Para que esse crescimento seja sustentável e longevo, é preciso olhar para três aspectos da gestão que se conectam entre si: a rotatividade da equipe, a definição de metas de desempenho e a construção de relações de confiança.
Rotatividade
A alta rotatividade gera muitos transtornos para a empresa: perda de habilidades, ruptura de relacionamentos já construídos com os clientes, e efeitos colaterais importantes para quem fica — aumento da carga de trabalho, execução de tarefas fora do escopo, mais estresse e insegurança. Essa espiral negativa tende a reduzir a qualidade do trabalho e a atratividade da empresa para novos colaboradores, o que se torna um fator crítico para a sustentabilidade do negócio.
Metas de desempenho
O problema não está em ter metas desafiadoras, mas em apresentá-las sem o suporte necessário: apoio da liderança, autonomia, feedbacks constantes, treinamento contínuo, programas de reconhecimento e recursos operacionais adequados. Metas inalcançáveis prejudicam a aprendizagem, a criatividade e o engajamento — o que impacta negativamente o ambiente e, consequentemente, a saúde dos colaboradores e da empresa como um todo.
Relações de confiança
Por fim, a construção de relações de confiança — entre liderança e equipe, entre colegas, entre a empresa e cada colaborador — é o que sustenta os dois pontos anteriores. Sem confiança, feedbacks viram avaliação punitiva, metas desafiadoras viram pressão insustentável, e a rotatividade se perpetua como sintoma, não como causa. Confiança se constrói com transparência nos processos, coerência entre discurso e prática de liderança, e espaço real para o colaborador errar, aprender e pedir ajuda sem medo de julgamento.
A NR-1 trouxe luz aos riscos psicossociais e ao fato de que abrir uma nova academia precisa contemplar não somente equipamentos de última geração e espaços bonitos de convivência para os clientes, mas também a devida atenção à profissionalização da gestão, à valorização da área de recursos humanos, à clareza dos objetivos a serem alcançados e às expectativas de desempenho e comportamento.

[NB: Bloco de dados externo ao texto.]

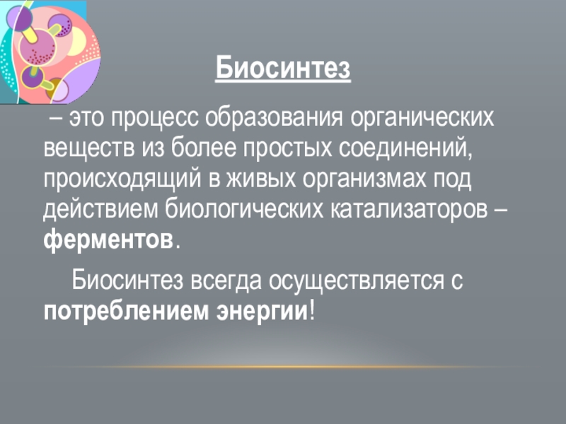 Процесс биосинтеза белков на всех его этапах идёт с участием многих ферментов и с непременным потреблением энергии. Он считается одним из самых энергоёмких.
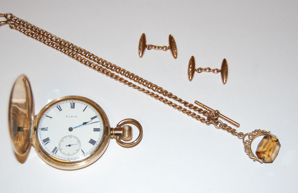 A keyless wind full hunter cased rolled gold pocket watch by Elgin
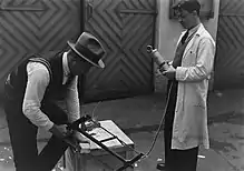 A man recording the sound of a saw in the 1930s
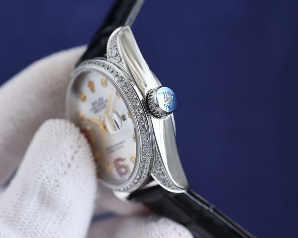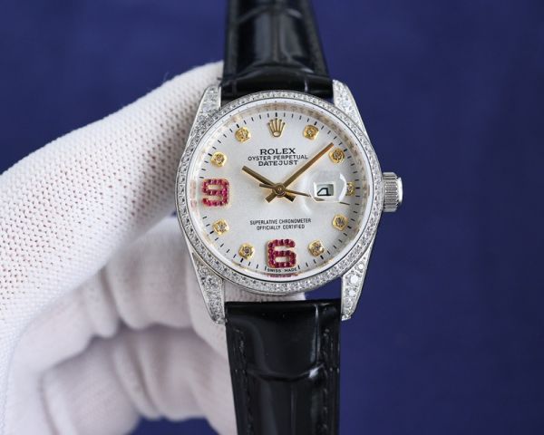 Rolex Datejust for women, featuring a rose gold case, a white mother-of-pearl dial, and a diamond-set design that exudes sheer luxury! Both the hour indices and the bezel are encrusted with diamonds, with a date display at the 3 o'clock position.
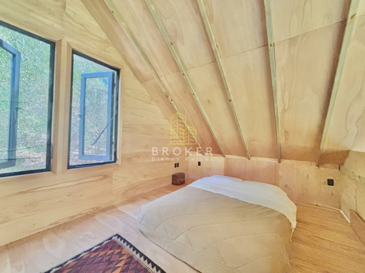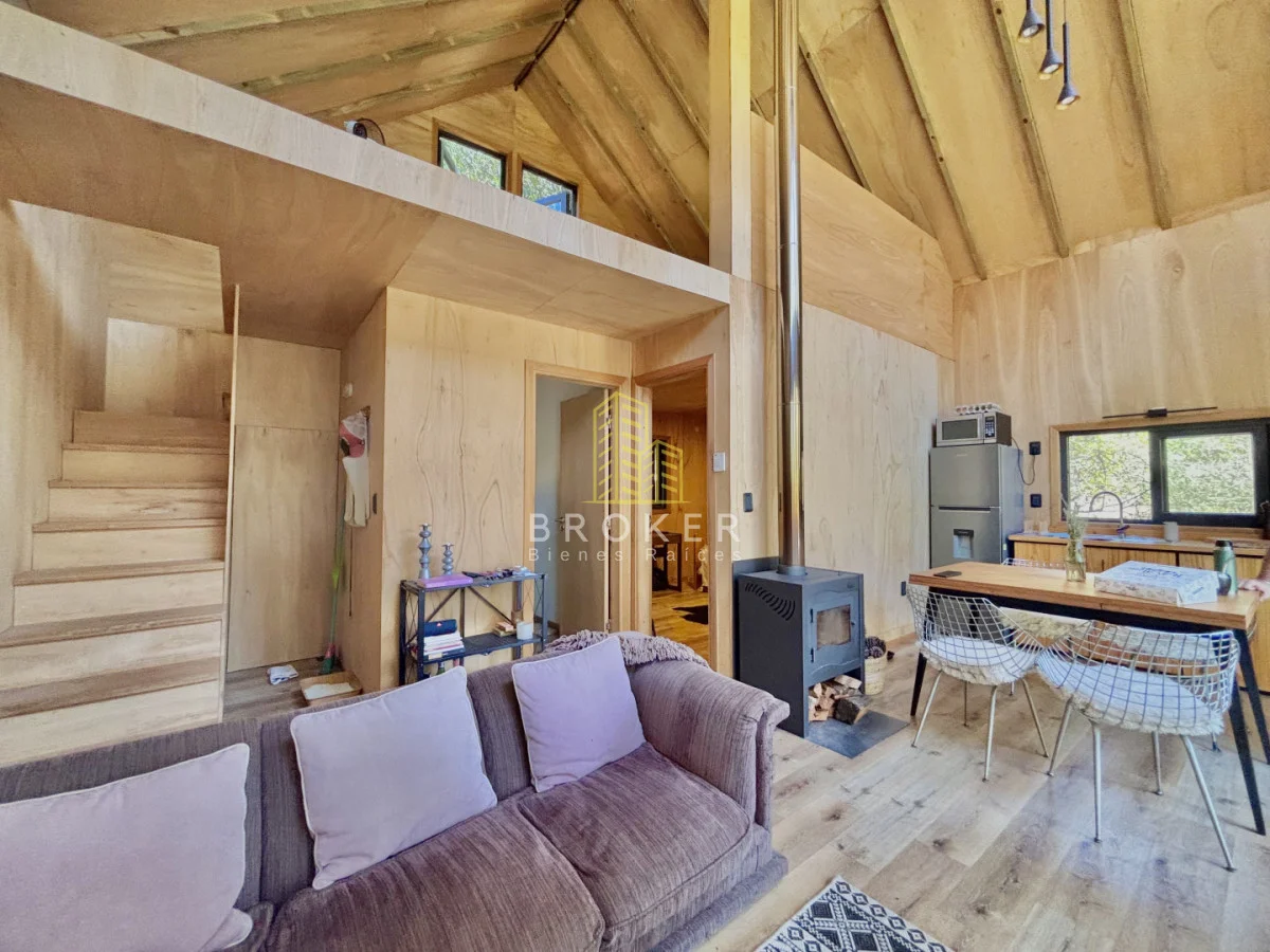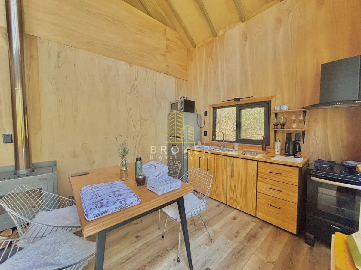 Planta principal living comedor con estufa a leña; cocina integrada, un dormitorio y un baño completo. En la segunda planta se encuentra un cómodo emtrepiso que oficia como segundo dormitorio con cama matrimonial.
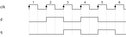 2. 时钟上升沿时,将d的值赋给q。即先有上升沿,才有信号变化。

As empresas que conseguirem humanizar suas relações — no nível de clientes e de colaboradores —, mantendo a motivação e o engajamento para a conquista de resultados superiores, alcançarão uma qualidade de vida saudável e longeva.
O setor cresceu quase três vezes em uma década — mas o número de unidades não é sinônimo de solidez organizacional. As empresas que vão liderar os próximos 10 anos não serão necessariamente as que crescerem mais rápido, e sim as que conseguirem sustentar esse crescimento sem esgotar quem o viabiliza todos os dias: professores, recepcionistas, equipe comercial, gestores de unidade. A NR-1 não é o ponto de chegada dessa conversa — é o empurrão regulatório que faltava para que a gestão de pessoas deixe de ser um departamento de suporte e passe a ser, de fato, parte da estratégia de crescimento.
A pergunta que fica não é mais “quantas academias abriremos este ano”, mas “quantas dessas academias terão gente saudável o suficiente para sustentar esse crescimento pelos próximos dez?”